(WHAT THE TASK REQUIRES) An exact transcription of each entry below is required, without any pictures.

=== Section Start ===

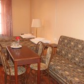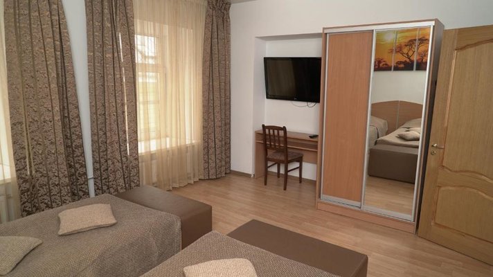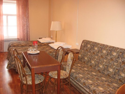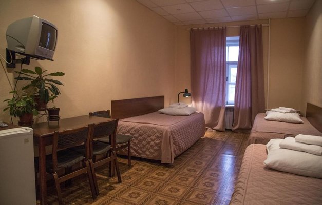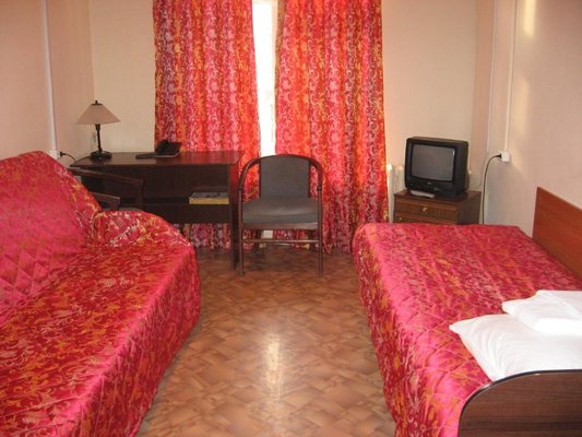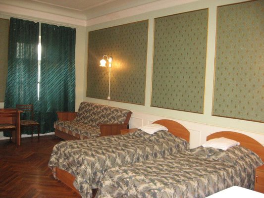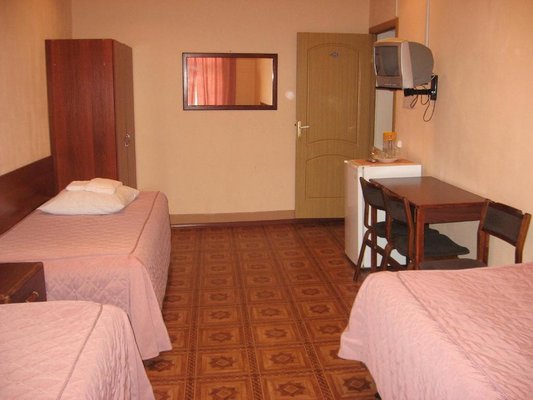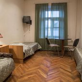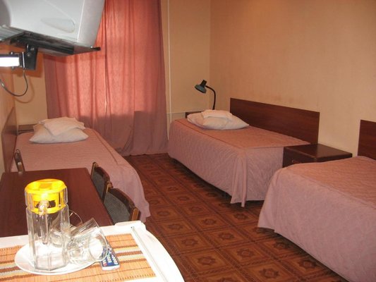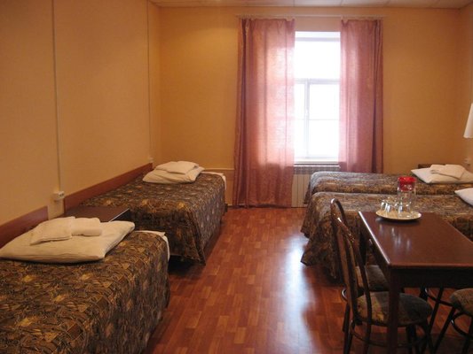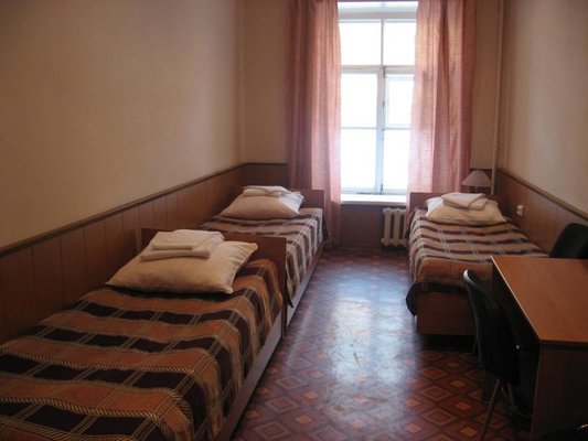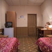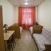 Номерной фонд поделен на несколько категорий. Так, Вы сможете разместиться в трехместном, четырехместном или одноместном номерах. Каждый из них имеет удобную мебель для сна и необходимую технику. А вот удобства общие и на этаже, но в них никогда нет очереди и всегда чисто.
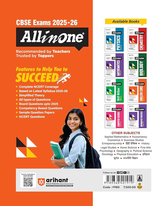 Arihant All in One Entrepreneurship Class 11 for CBSE Exams 2025-26 | Revised Edition as per latest syllabus | Simplified Theory, All Types of Exam Pattern Questions, CBQs, MCQs, A-R, Case Based, Sample Question Papers, Project Work
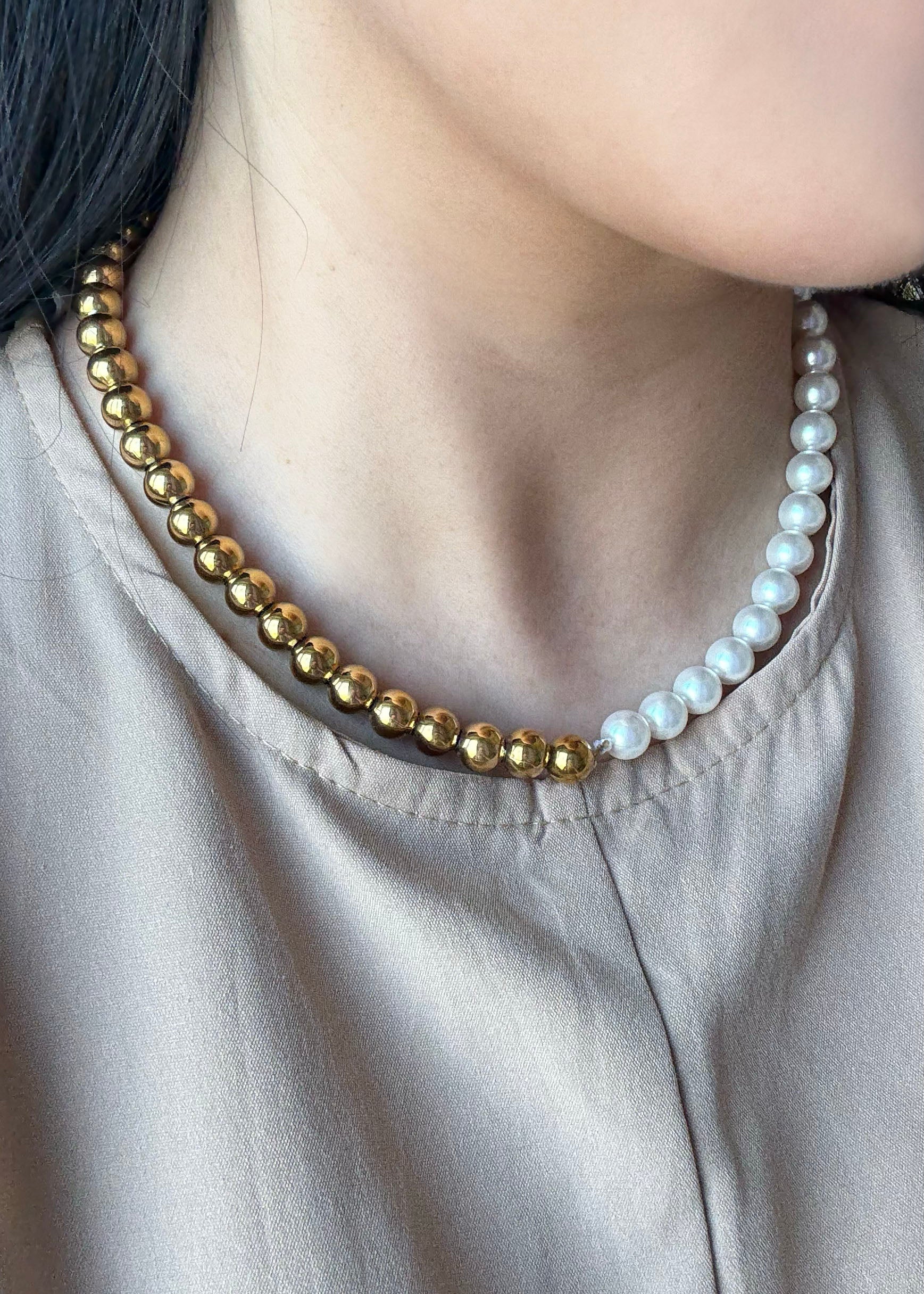 Aurora Orbs Pearl Necklace (Gold)
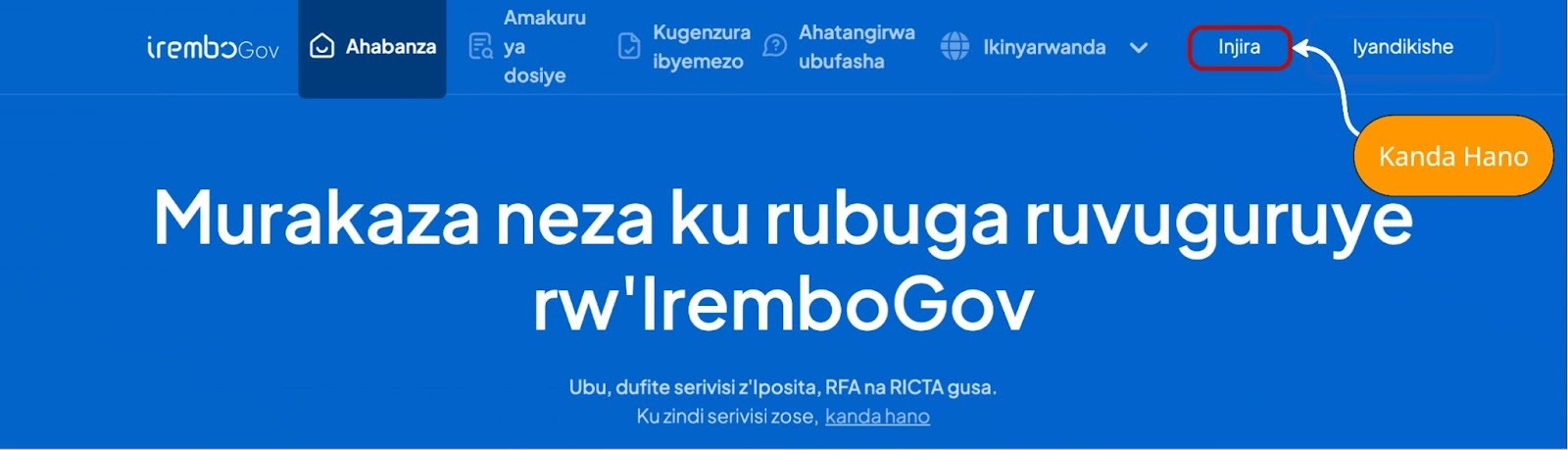 Intambwe ya 1: Sura urubuga rwa Irembo kuri new.irembo.gov.rw maze winjire muri konti yawe. Niba nta konti ufite kanda hano umenye uko wayifungura
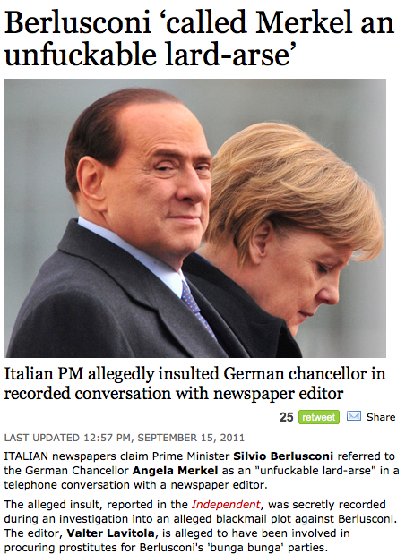 Photo Placement Win Admin at 5:20 pm September 15, 2011 Berlusconi ‘Called Merkel An Unfuckable Lard-Arse’ (First Post, The Week) Angela Merkel Undermined By Outspoken MPs (Tony Paterson, UK Independent) FacebookTwitterPinterestSponsored Link
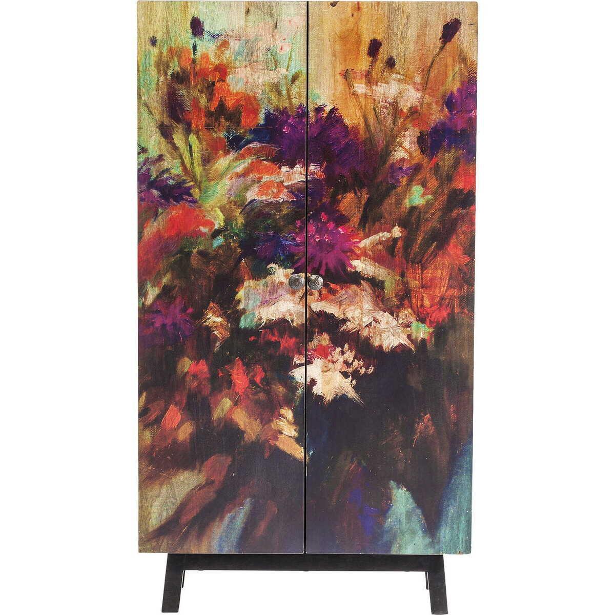 Florale Motive und fantasievolle Pflanzenwelten schmücken diesen Schrank aus Mangoholz und verleihen ihm eine poetische, fast träumerische Note. Der Wandschrank sieht nicht nur aus wie ein prachtvolles Gemälde, sondern bietet auch jede Menge Stauraum für Kleidung, Geschirr, Schuhe und vieles mehr. Kommt besonders in hellen, klaren Räumen gut zur Geltung und gibt jedem Raum ein stylishes Upgrade!Rechteckiger, kleiner Schrank mit schwarzem Korpus aus Mangoholz und einer Front mit Pflanzen- und BlumenmotivenEin Möbelstück, das mit seiner charmant-stimmungsvollen Optik pure Lebensfreude ins Ambiente zaubertDie fünf fest montierten Ablageflächen hinter den beiden Türen bieten jede Menge Stauraum für Bücher, gefaltete Kleidung, Geschirr & Co.Florale Motive und fantasievolle Pflanzenwelten verleihen dem Holzschrank eine poetische, fast träumerische NoteIdeal als Wäscheschrank im Schlafzimmer, Geschirrschrank oder Barschrank im Wohnzimmer, Schuhschrank im Flur oder als BüroschrankProduktinformation Mango Massivholz lackiert, Fachboden: fest montiert, 25 kg max. Belastbarkeit, jedes Stück ein Unikat, zerlegt, handbemalt
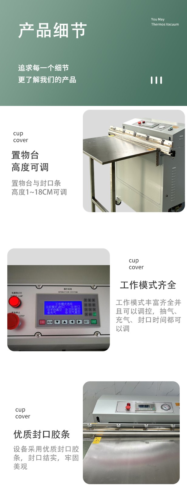 - 真空度要求:不同產(chǎn)品對(duì)真空度的要求不同。一般來說,食品、電子產(chǎn)品等需要較高的真空度,以更好地保護(hù)產(chǎn)品。通常氣動(dòng)外抽真空包裝機(jī)的真空度可達(dá)到 - 0.1MPa 左右,但在選擇時(shí)還是要根據(jù)產(chǎn)品的具體需求來確定。
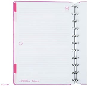 Características: - capa e contracapa rígidas, - 01 folha de adesivos, - 01 bolsa plástica, - 01 folha de instrução de uso e manuseio, com informações de refis e acessórios da marca disponíveis no verso, - 01 folha de identificação com calendário no verso, - 04 divisórias com abas para identificação 02 rosa choque e 02 rosa claro , - 80 folhas offset 90g 60 folhas pautadas e 20 folhas lisas brancas para impressão - 01 suporte com elástico para 01 caneta ou 01 lápis.
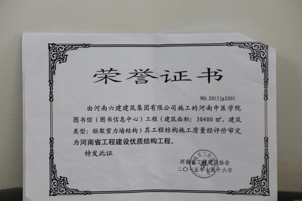 2015上半年,按照《河南省建筑工程施工质量评价管理办法》的要求,从全省工程建设项目范围内评选出15项工程为“河南省工程建设优质结构工程”。leyu·乐鱼(中国)体育官方网站图书馆(图书信息中心)工程荣获省级优质结构工程奖,为申报国家优质工程奠定了基础。
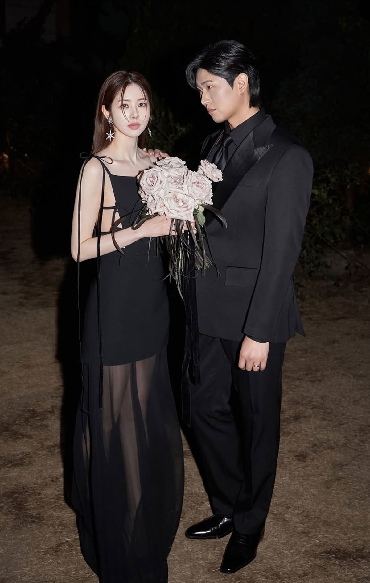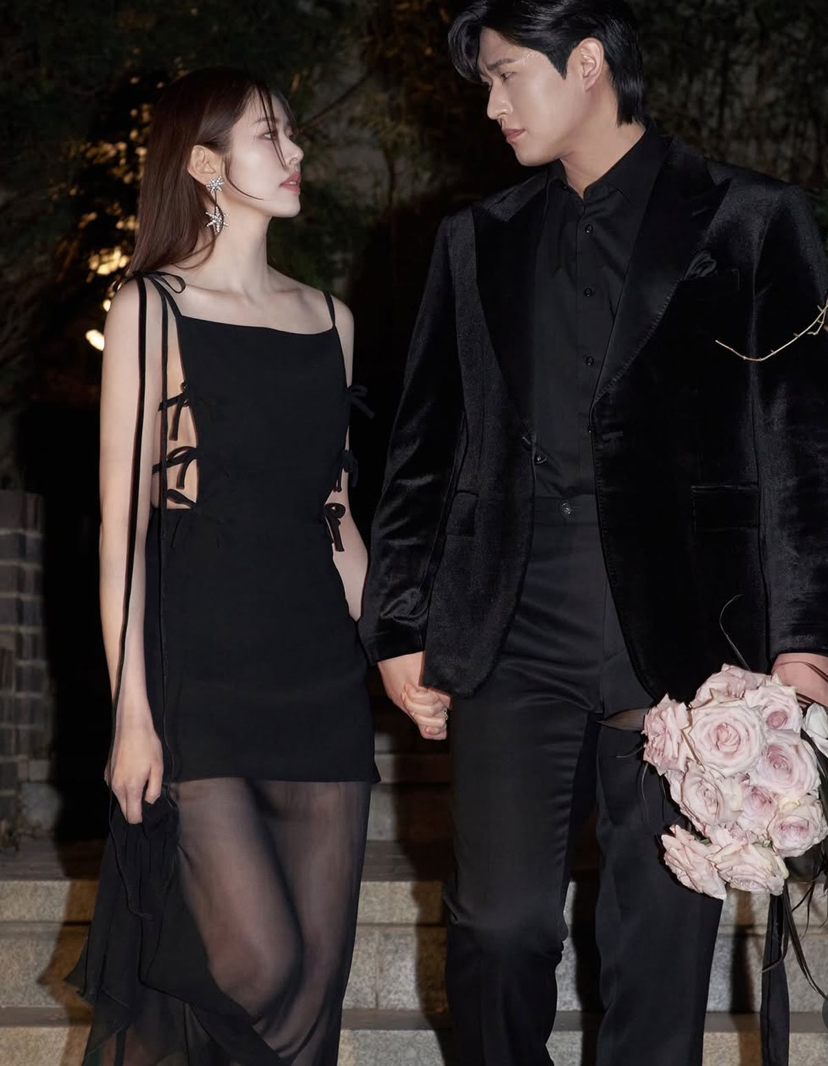 사진 속 두 사람은 환한 미소와 함께 자연스러운 스킨십으로 보는 이들의 시선을 사로잡았다. 끈으로만 묶은 파격적인 드레스와 수트를 맞춰 입고 서로를 바라보는 모습에서는 깊은 애정이 묻어난다.
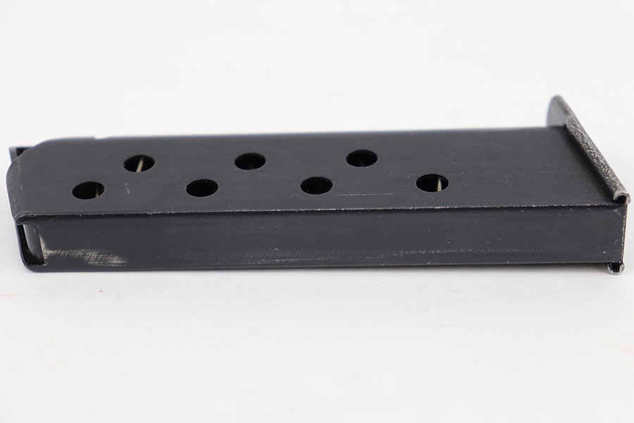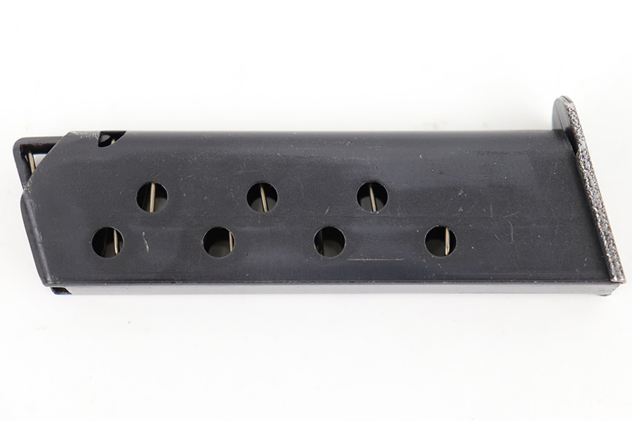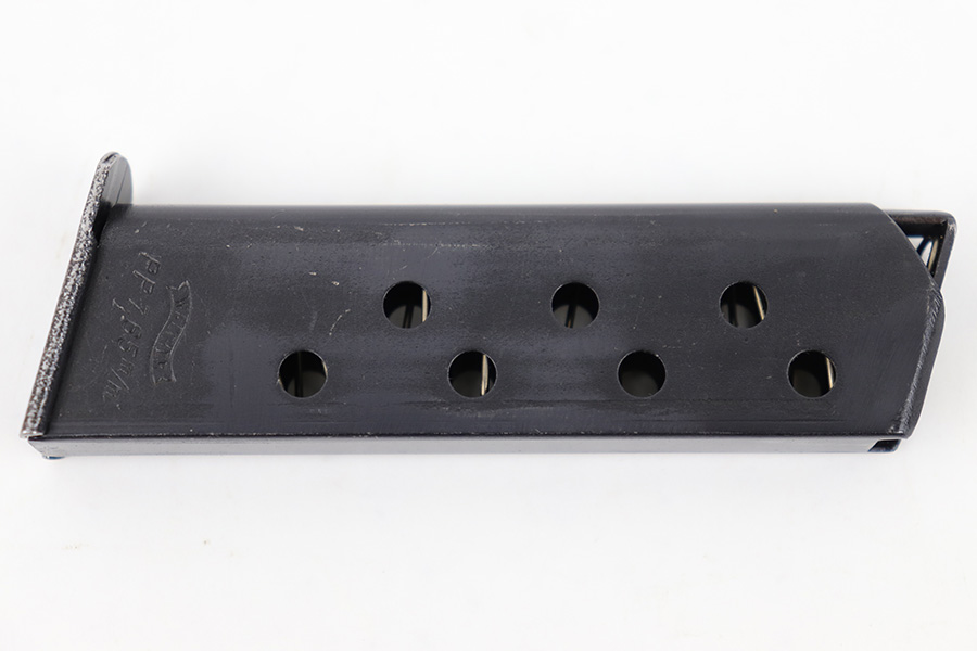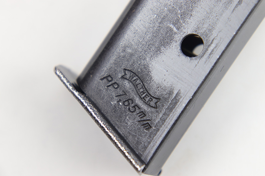 4/21/23 – This is an original WW2 production Walther PP magazine. The magazine features a numbered base plate, which falls into a known range of Luftwaffe issued Walther PP pistols. The magazine tube is excellent with strong bluing throughout and minimal surface wear. The base plate has some mild edge wear and patina but no major issues. Strong, functional spring.

=== Section End ===

(SOLUTION FOR THIS EXERCISE)
 Номерной фонд поделен на несколько категорий. Так, Вы сможете разместиться в трехместном, четырехместном или одноместном номерах. Каждый из них имеет удобную мебель для сна и необходимую технику. А вот удобства общие и на этаже, но в них никогда нет очереди и всегда чисто.
 Arihant All in One Entrepreneurship Class 11 for CBSE Exams 2025-26 | Revised Edition as per latest syllabus | Simplified Theory, All Types of Exam Pattern Questions, CBQs, MCQs, A-R, Case Based, Sample Question Papers, Project Work
 Aurora Orbs Pearl Necklace (Gold)
 Intambwe ya 1: Sura urubuga rwa Irembo kuri new.irembo.gov.rw maze winjire muri konti yawe. Niba nta konti ufite kanda hano umenye uko wayifungura
 Photo Placement Win Admin at 5:20 pm September 15, 2011 Berlusconi ‘Called Merkel An Unfuckable Lard-Arse’ (First Post, The Week) Angela Merkel Undermined By Outspoken MPs (Tony Paterson, UK Independent) FacebookTwitterPinterestSponsored Link
 Florale Motive und fantasievolle Pflanzenwelten schmücken diesen Schrank aus Mangoholz und verleihen ihm eine poetische, fast träumerische Note. Der Wandschrank sieht nicht nur aus wie ein prachtvolles Gemälde, sondern bietet auch jede Menge Stauraum für Kleidung, Geschirr, Schuhe und vieles mehr. Kommt besonders in hellen, klaren Räumen gut zur Geltung und gibt jedem Raum ein stylishes Upgrade!Rechteckiger, kleiner Schrank mit schwarzem Korpus aus Mangoholz und einer Front mit Pflanzen- und BlumenmotivenEin Möbelstück, das mit seiner charmant-stimmungsvollen Optik pure Lebensfreude ins Ambiente zaubertDie fünf fest montierten Ablageflächen hinter den beiden Türen bieten jede Menge Stauraum für Bücher, gefaltete Kleidung, Geschirr & Co.Florale Motive und fantasievolle Pflanzenwelten verleihen dem Holzschrank eine poetische, fast träumerische NoteIdeal als Wäscheschrank im Schlafzimmer, Geschirrschrank oder Barschrank im Wohnzimmer, Schuhschrank im Flur oder als BüroschrankProduktinformation Mango Massivholz lackiert, Fachboden: fest montiert, 25 kg max. Belastbarkeit, jedes Stück ein Unikat, zerlegt, handbemalt
 - 真空度要求:不同產(chǎn)品對(duì)真空度的要求不同。一般來說,食品、電子產(chǎn)品等需要較高的真空度,以更好地保護(hù)產(chǎn)品。通常氣動(dòng)外抽真空包裝機(jī)的真空度可達(dá)到 - 0.1MPa 左右,但在選擇時(shí)還是要根據(jù)產(chǎn)品的具體需求來確定。
 Características: - capa e contracapa rígidas, - 01 folha de adesivos, - 01 bolsa plástica, - 01 folha de instrução de uso e manuseio, com informações de refis e acessórios da marca disponíveis no verso, - 01 folha de identificação com calendário no verso, - 04 divisórias com abas para identificação 02 rosa choque e 02 rosa claro , - 80 folhas offset 90g 60 folhas pautadas e 20 folhas lisas brancas para impressão - 01 suporte com elástico para 01 caneta ou 01 lápis.
 2015上半年,按照《河南省建筑工程施工质量评价管理办法》的要求,从全省工程建设项目范围内评选出15项工程为“河南省工程建设优质结构工程”。leyu·乐鱼(中国)体育官方网站图书馆(图书信息中心)工程荣获省级优质结构工程奖,为申报国家优质工程奠定了基础。
 사진 속 두 사람은 환한 미소와 함께 자연스러운 스킨십으로 보는 이들의 시선을 사로잡았다. 끈으로만 묶은 파격적인 드레스와 수트를 맞춰 입고 서로를 바라보는 모습에서는 깊은 애정이 묻어난다.
 4/21/23 – This is an original WW2 production Walther PP magazine. The magazine features a numbered base plate, which falls into a known range of Luftwaffe issued Walther PP pistols. The magazine tube is excellent with strong bluing throughout and minimal surface wear. The base plate has some mild edge wear and patina but no major issues. Strong, functional spring.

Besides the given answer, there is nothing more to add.